I looked at the starmap in vain, trying to plan some sort of route, even consider a destination beyond where we should be next. The most frustrating thing about this in this moment is how much it isn’t a campaign. I almost can’t act, only react. Unfurl the Sunrider’s wings and catch the solar winds to wherever they might take us. I want some solidity, something that can put us on the offensive. A long time ago, someone said that no battles are won by defending. When you defend, you must plan to attack. But what to attack? All known CNI assets are aboard this vessel, and we can’t rely on public comms to make plans - we don’t even have public comms right now, in the deep. The Sunrider can leap around the lines and strike at logistical targets, but where? We can help protect planets, but which planets?

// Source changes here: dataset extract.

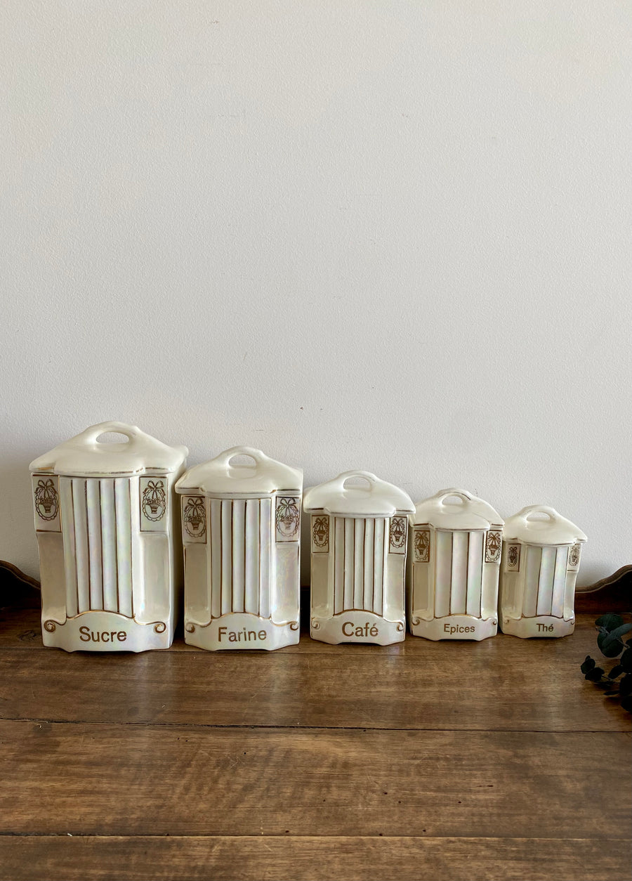 Charmant lot de 5 pots de cuisine art déco très anciens, en porcelaine émaillée: sucre, farine, café, épices, thé.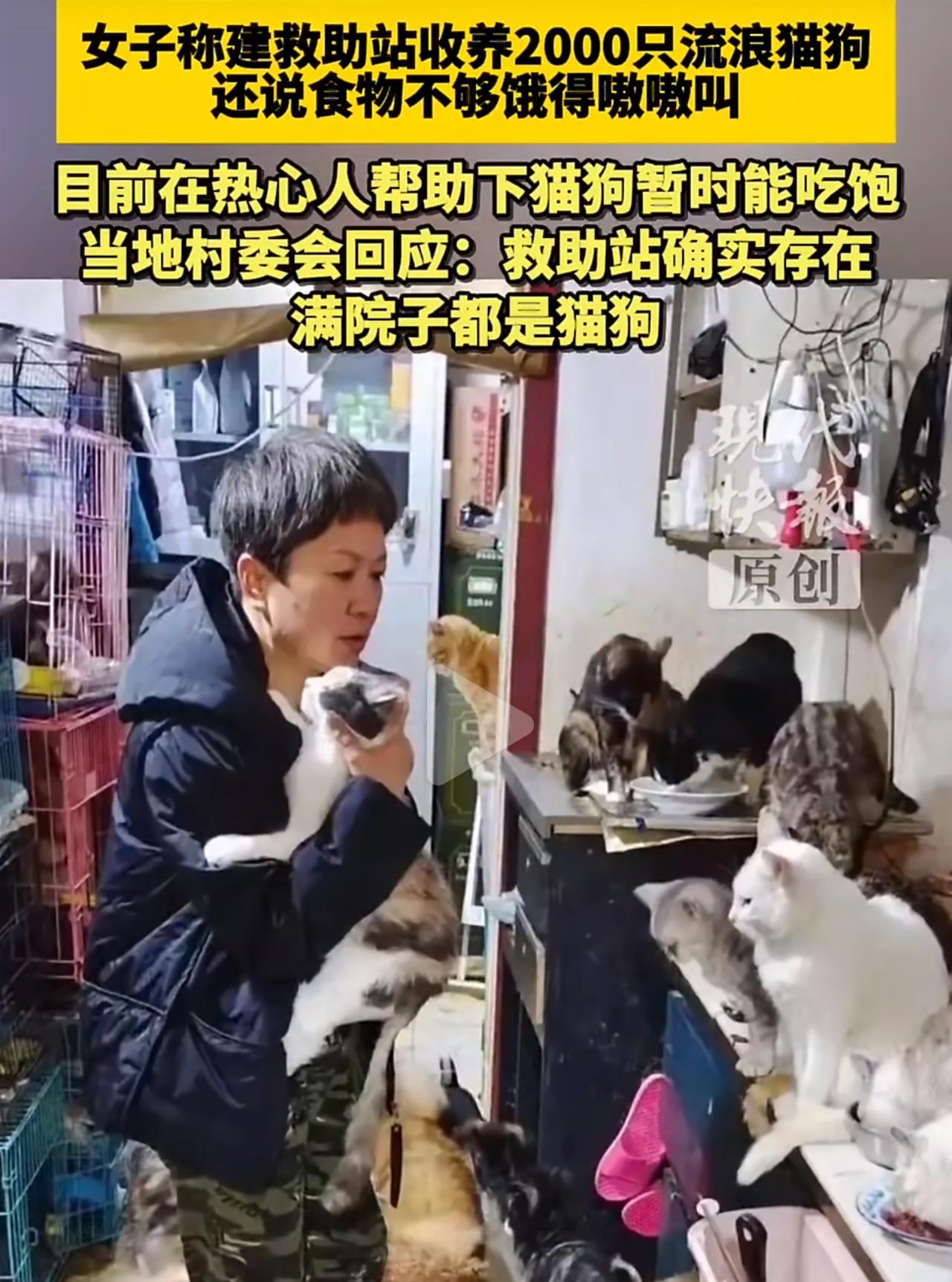 一个人养了快2000只流浪猫狗,还欠了医院二十多万,真的又心酸又让人佩服。 黑

I bring up our best guess for the current state of the PACT lines. Which planets are they securing, which worlds can we count on to resist, where would the best supply lines be? Guesswork, guesswork, educated guesswork. After that, where can we get supplies, where might we find more people, all that sort of stuff. Eventually, it’s time. Thirty minutes until we’re setting off. I feel the last of the shipments of ore coming in, as the miners work hard strapping down all the equipment and resources. I rise from my chair, and send the reminder that we are to move out soon, congratulating the crew on their work. To the bridge.
Tydaria is no major hub of industry or commerce. It isn’t some hotbed of resistance. It’s nowhere special. That, indeed, makes it perfect for us. It’s a mining world too, and the Sunrider has fairly advanced manufacturing capabilities. If they supply the materials, I’m confident that we could outfit the world with the seed of Ceran industrial base, and earn a tidy sum.